Correlation Is Not Enough: Embedding Human Metadata for Individual Causal Discovery
Pith reviewed 2026-06-27 16:30 UTC · model grok-4.3
The pith
Standard biomedical language models assign high similarity to unrelated cross-domain pairs, producing false causal edges in personal graphs.
A machine-rendered reading of the paper's core claim, the machinery that carries it, and where it could break.
Core claim
Embedding proximity in pretrained biomedical models falsely indicates causal relations between unrelated domains, which writes incorrect edges into individual causal graphs used by Large Behavioural Models.

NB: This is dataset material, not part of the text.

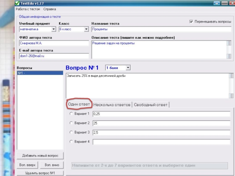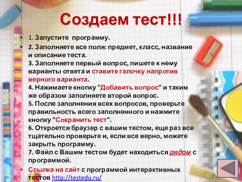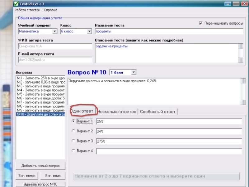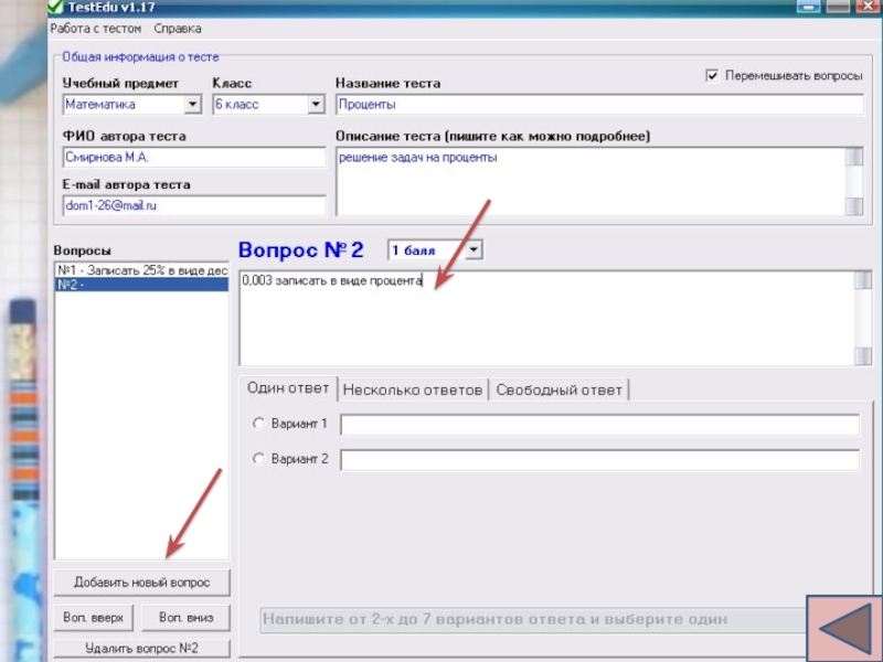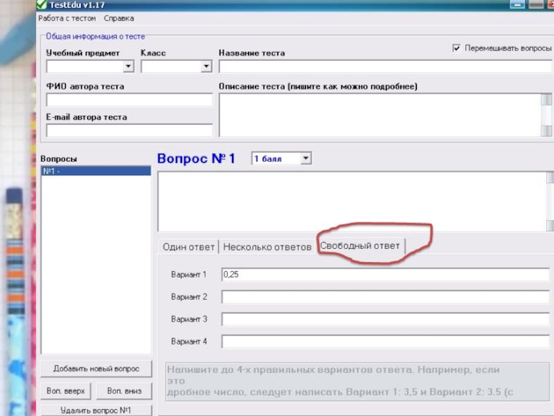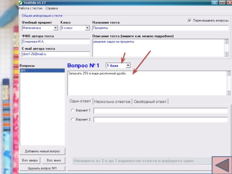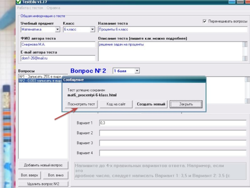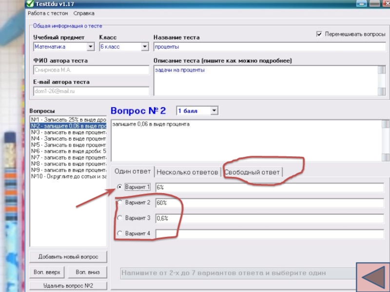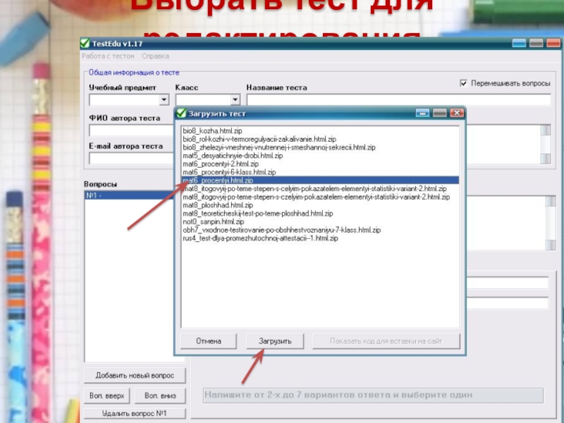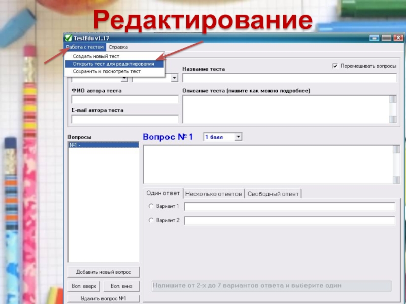 6. Редактирование теста

A contrastive pass over 72,034 pairs raises PubMedBERT BIOSSES correlation from 0.633 to 0.828 and within-vs-across-domain separation from 1.05x to 1.63x. BODHI, which mines hard negatives from edges absent in a biomedical knowledge graph, further lifts separation to 2.30x and the discrimination gap to +0.392 at a 4.5% cost to BIOSSES performance.
What carries the argument
BODHI, a generator that mines hard negatives from absent edges in a biomedical knowledge graph for contrastive training.
If this is right
- Corrected embeddings reduce false causal edges in downstream individual causal graphs.
- Within-domain and across-domain pairs are better separated, improving discrimination accuracy from 0%.

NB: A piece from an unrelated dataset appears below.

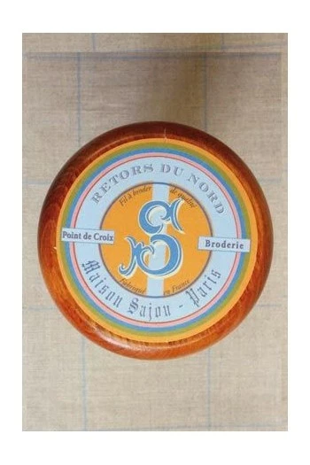 Grande bobine en bois Retors du Nord. Cette spectaculaire bobine est une réédition de bobines utilisées dans les usines pour le glaçage des fils. Elle mesure 18 cm de haut, le diamètre des joues est de 8 cm. En principe, ces bobines sont des modèles de travail et elles ne sont pas étiquetées. Mais nous n’avons pas résisté à les habiller avec de belles étiquettes : ici, l’étiquette de notre fil à broder Retors du Nord.

- OpenVINO optimization achieves 133x latency reduction to 10 ms per query on Xeon with AMX.
- FP16 precision outperforms INT8 on this hardware at all batch sizes.

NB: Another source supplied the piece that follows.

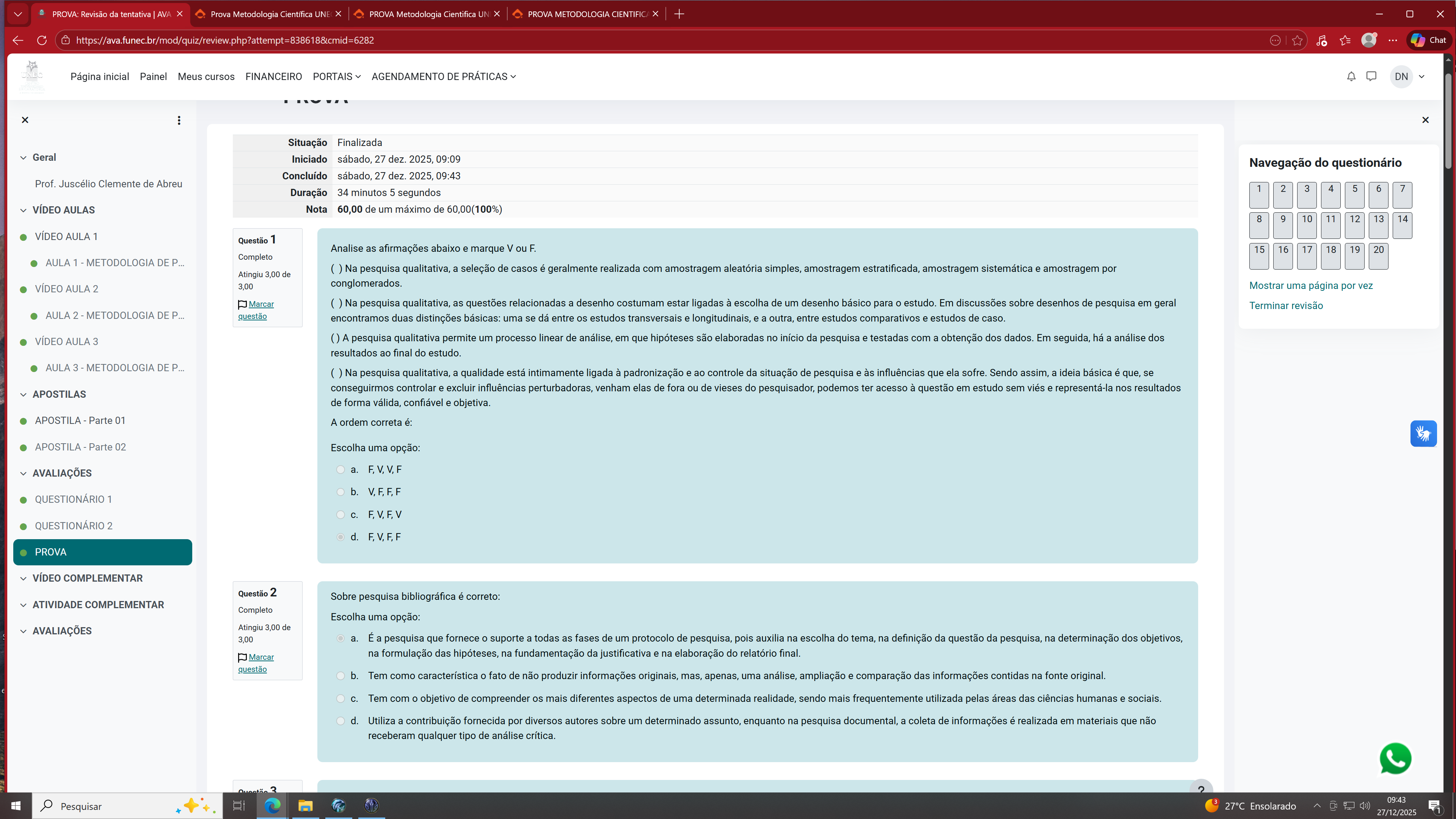 PROVA: Revisão da tentativa AVA Prova Metodologia Científica UNE PROVA Metodologia Cientifica UN PROVA METODOLOGIA CIENTIFIC + Chat Página inicial Painel Meus cursos FINANCEIRO PORTAIS AGENDAMENTO DE PRÁTICAS DN : Situação Finalizada Geral Iniciado sábado, 27 dez. 2025, 09:09 Navegação do questionário Concluído sábado, 27 dez. 2025, 09:43 Prof. Juscélio Clemente de Abreu 1 Duração 2 3 4 34 minutos 5 segundos 5 6 7 VÍDEO AULAS Nota 60,00 de um máximo de 60,00(100%) 8 9 10 11 12 13 14 VÍDEO AULA 1 Questão 1 Analise as afirmações abaixo e marque V ou F. 15 16 17 18 19 20 Completo AULA 1 METODOLOGIA DE Na pesquisa qualitativa, a seleção de casos é geralmente realizada com amostragem aleatória simples, amostragem estratificada, amostragem sistemática e amostragem por Atingiu 3,00 de VÍDEO AULA 2 3,00 conglomerados. Mostrar uma página por vez Marcar Na pesquisa qualitativa, as questões relacionadas a desenho costumam estar ligadas à escolha de um desenho básico para estudo. Em discussões sobre desenhos de pesquisa em geral Terminar revisão AULA 2 METODOLOGIA DE questão encontramos duas distinções básicas: uma se dá entre estudos transversais e longitudinais, e a outra, entre estudos comparativos e estudos de caso. VÍDEO AULA 3 () A pesquisa qualitativa permite um processo linear de análise, em que hipóteses são elaboradas no início da pesquisa e testadas com a obtenção dos dados. Em seguida, há a análise dos resultados ao final do estudo. AULA 3 METODOLOGIA DE Na pesquisa qualitativa, a qualidade está intimamente ligada à padronização e ao controle da situação de pesquisa e às influências que ela sofre. Sendo assim, a ideia básica é que, se conseguirmos controlar e excluir influências perturbadoras, venham elas de fora ou de vieses do pesquisador, podemos ter acesso à questão em estudo sem viés e representá-la nos resultados APOSTILAS de forma válida, confiável e objetiva. APOSTILA Parte 01 A ordem correta é: APOSTILA Parte 02 Escolha uma opção: AVALIAÇÕES a. F,V,V,F b. QUESTIONÁRIO 1 F,V,F,V QUESTIONÁRIO 2 d. PROVA VÍDEO COMPLEMENTAR Questão 2 Sobre pesquisa bibliográfica é correto: ATIVIDADE COMPLEMENTAR Completo Escolha uma opção: AVALIAÇÕES Atingiu 3,00 de 3,00 a. É a pesquisa que fornece suporte a todas as fases de um protocolo de pesquisa, pois auxilia na escolha do tema, na definição da questão da pesquisa, na determinação dos objetivos, Marcar na formulação das hipóteses, na fundamentação da justificativa e na elaboração do relatório final. questão b. Tem como característica fato de não produzir informações originais, mas, apenas, uma análise, ampliação e comparação das informações contidas na fonte original. Tem com objetivo de compreender os mais diferentes aspectos de uma determinada realidade, sendo mais frequentemente utilizada pelas áreas das ciências humanas e sociais. d. Utiliza a contribuição fornecida por diversos autores sobre um determinado assunto, enquanto na pesquisa documental, a coleta de informações é realizada em materiais que não receberam qualquer tipo de análise crítica. 09:43 Pesquisar 27°C Ensolarado 27/12/2025

Where Pith is reading between the lines
- Similar embedding fixes may be needed in other domains where foundation models build personal causal models from mixed data sources.
- Validating the causal graphs against real individual outcomes would test whether the embedding improvements translate to fewer errors.
- The release of the benchmark suite allows direct comparison of future embedding methods on cross-domain causal tasks.
Load-bearing premise
That improved cosine separation on cross-domain pairs will translate into fewer incorrect causal edges in downstream individual causal graphs without introducing new systematic biases.
What would settle it
Constructing causal graphs from corrected versus original embeddings on a dataset of known individual events and measuring the rate of false positive edges against ground truth.
Figures
read the original abstract
Ask a pretrained biomedical language model whether "cortisol 28 ug/dL" and "stock-market volatility" are related, and it returns a cosine similarity of 0.83 on a scale where 1.0 means identical. The two share no mechanism. This is not a corner case: every off-the-shelf biomedical encoder we tested (BioBERT, PubMedBERT, BioM-ELECTRA) scores unrelated cross-domain pairs between 0.76 and 0.92 when the answer should be near zero. Accuracy on cross-domain discrimination is 0%. Retrieval systems survive this, because a language model downstream filters the noise. A Large Behavioural Model (LBM), a foundation model whose subject is a person rather than a sentence, does not: it reasons over a graph of a user's life and treats embedding proximity as evidence that two events are causally linked. False proximity writes a false causal edge, and everything downstream inherits the error. Here, embedding geometry is not a tuning knob; it is correctness. We report the fix. A contrastive pass over 72,034 pairs raises PubMedBERT BIOSSES correlation from 0.633 to 0.828 and within-vs-across-domain separation from 1.05x to 1.63x. A second pass, BODHI, mines hard negatives from edges absent in a biomedical knowledge graph and lifts separation to 2.30x and the discrimination gap to +0.392, at a 4.5% BIOSSES cost. On an Intel Xeon 6737P with AMX, OpenVINO cuts single-query latency from 1367 ms to 10 ms (133x) and reaches 555 sentences/sec. One finding contradicts standard advice: FP16 beats INT8 on this silicon at every serving batch size, and we explain why. The same model on a no-AMX Ice Lake instance runs 13-27x slower. We release the benchmark suite, training corpora, the BODHI generator, and the OpenVINO scripts.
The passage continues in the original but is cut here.